Copy the opening lines of the listing exactly, through and including the line with "Ориентировка в пространстве"; do not copy any pictures.
+++ DATASET SECTION +++
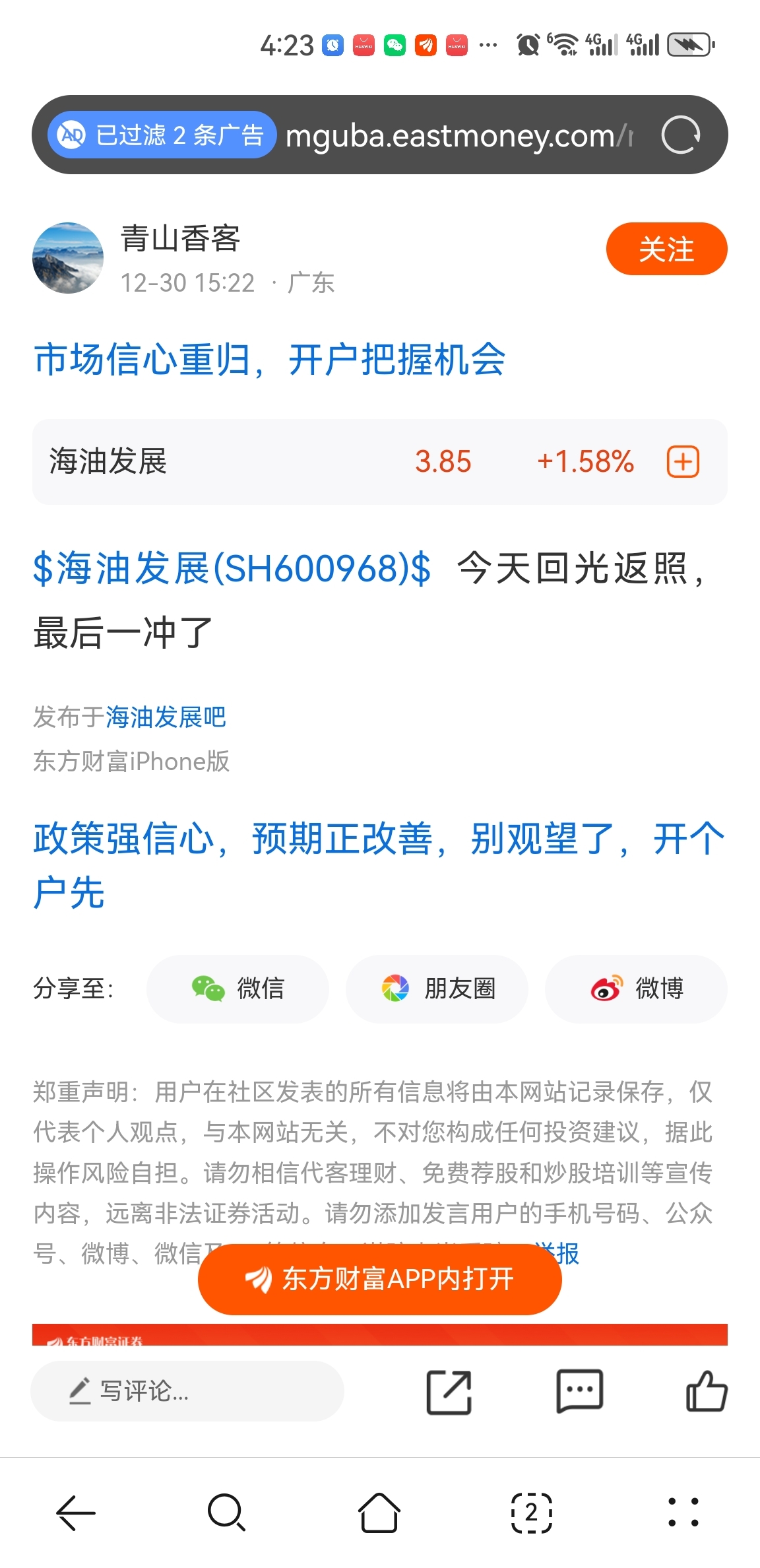 温馨提示: 1.根据《证券法》规定,禁止编造、传播虚假信息或者误导性信息,扰乱证券市场;2.用户在本社区发表的所有资料、言论等仅代表个人观点,与本网站立场无关,不对您构成任何投资建议。用户应基于自己的独立判断,自行决定证券投资并承担相应风险。《东方财富社区管理规定》
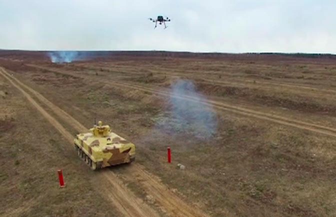 Ориентировка в пространстве выполняетя по камерам, расположенным на борту, а также с помощью квадрокоптеров. Дальность управления – до пяти километров. По сути, во время боя оператор может находиться далеко от передовой, управляя своей машиной. При этом вдали от непосредственного места боестолкновения у него нет присущего подобной обстановке мандража, страха. Человек действует более осознанно, спокойно, принимает нужные решения взвешенно и с учетом всех факторов обстановки.
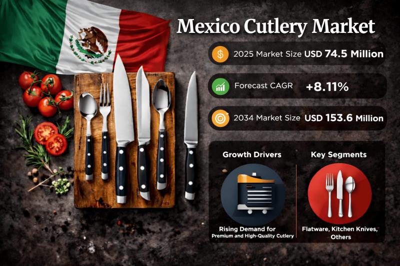 IMARC Group has recently released a new research study titled "Mexico Cutlery Market Size, Share, Trends and Forecast by Product Type (Plastic, Stainless Steel, Silver, Gold), Distribution Channel (Online, Offline), Application (Household, Public Consumption Restaurant, High-end Restaurant), and Region 2026-2034", which offers a detailed analysis of the market drivers, segmentation, growth opportunities, trends and competitive landscape to understand the current and future market scenarios.
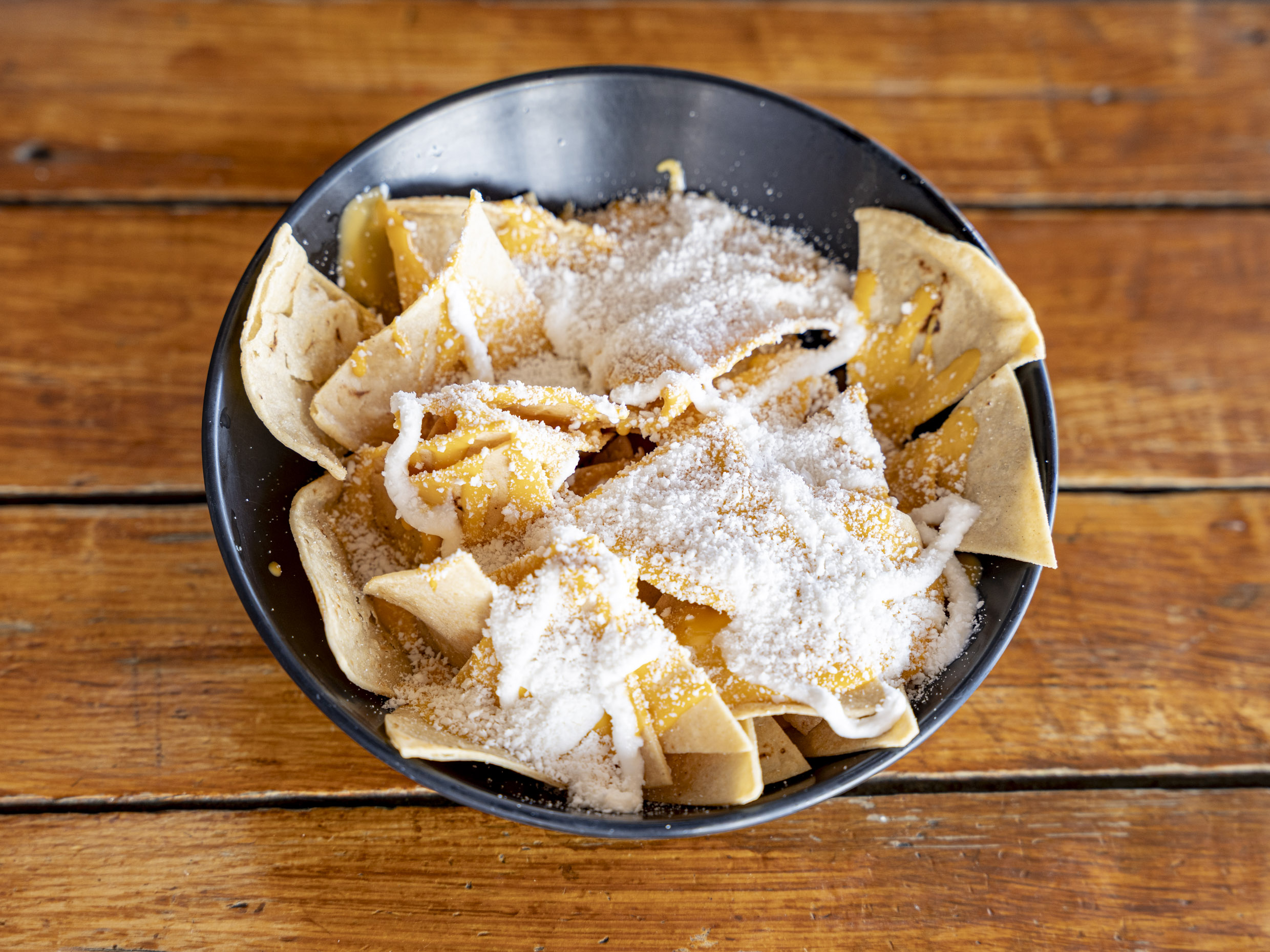 Totopos de maiz bañados en queso amarillo, crema y queso en polvo (porcion individual/para picar.)
+++
TASK ANSWER
 温馨提示: 1.根据《证券法》规定,禁止编造、传播虚假信息或者误导性信息,扰乱证券市场;2.用户在本社区发表的所有资料、言论等仅代表个人观点,与本网站立场无关,不对您构成任何投资建议。用户应基于自己的独立判断,自行决定证券投资并承担相应风险。《东方财富社区管理规定》
 Ориентировка в пространстве выполняетя по камерам, расположенным на борту, а также с помощью квадрокоптеров. Дальность управления – до пяти километров. По сути, во время боя оператор может находиться далеко от передовой, управляя своей машиной. При этом вдали от непосредственного места боестолкновения у него нет присущего подобной обстановке мандража, страха. Человек действует более осознанно, спокойно, принимает нужные решения взвешенно и с учетом всех факторов обстановки.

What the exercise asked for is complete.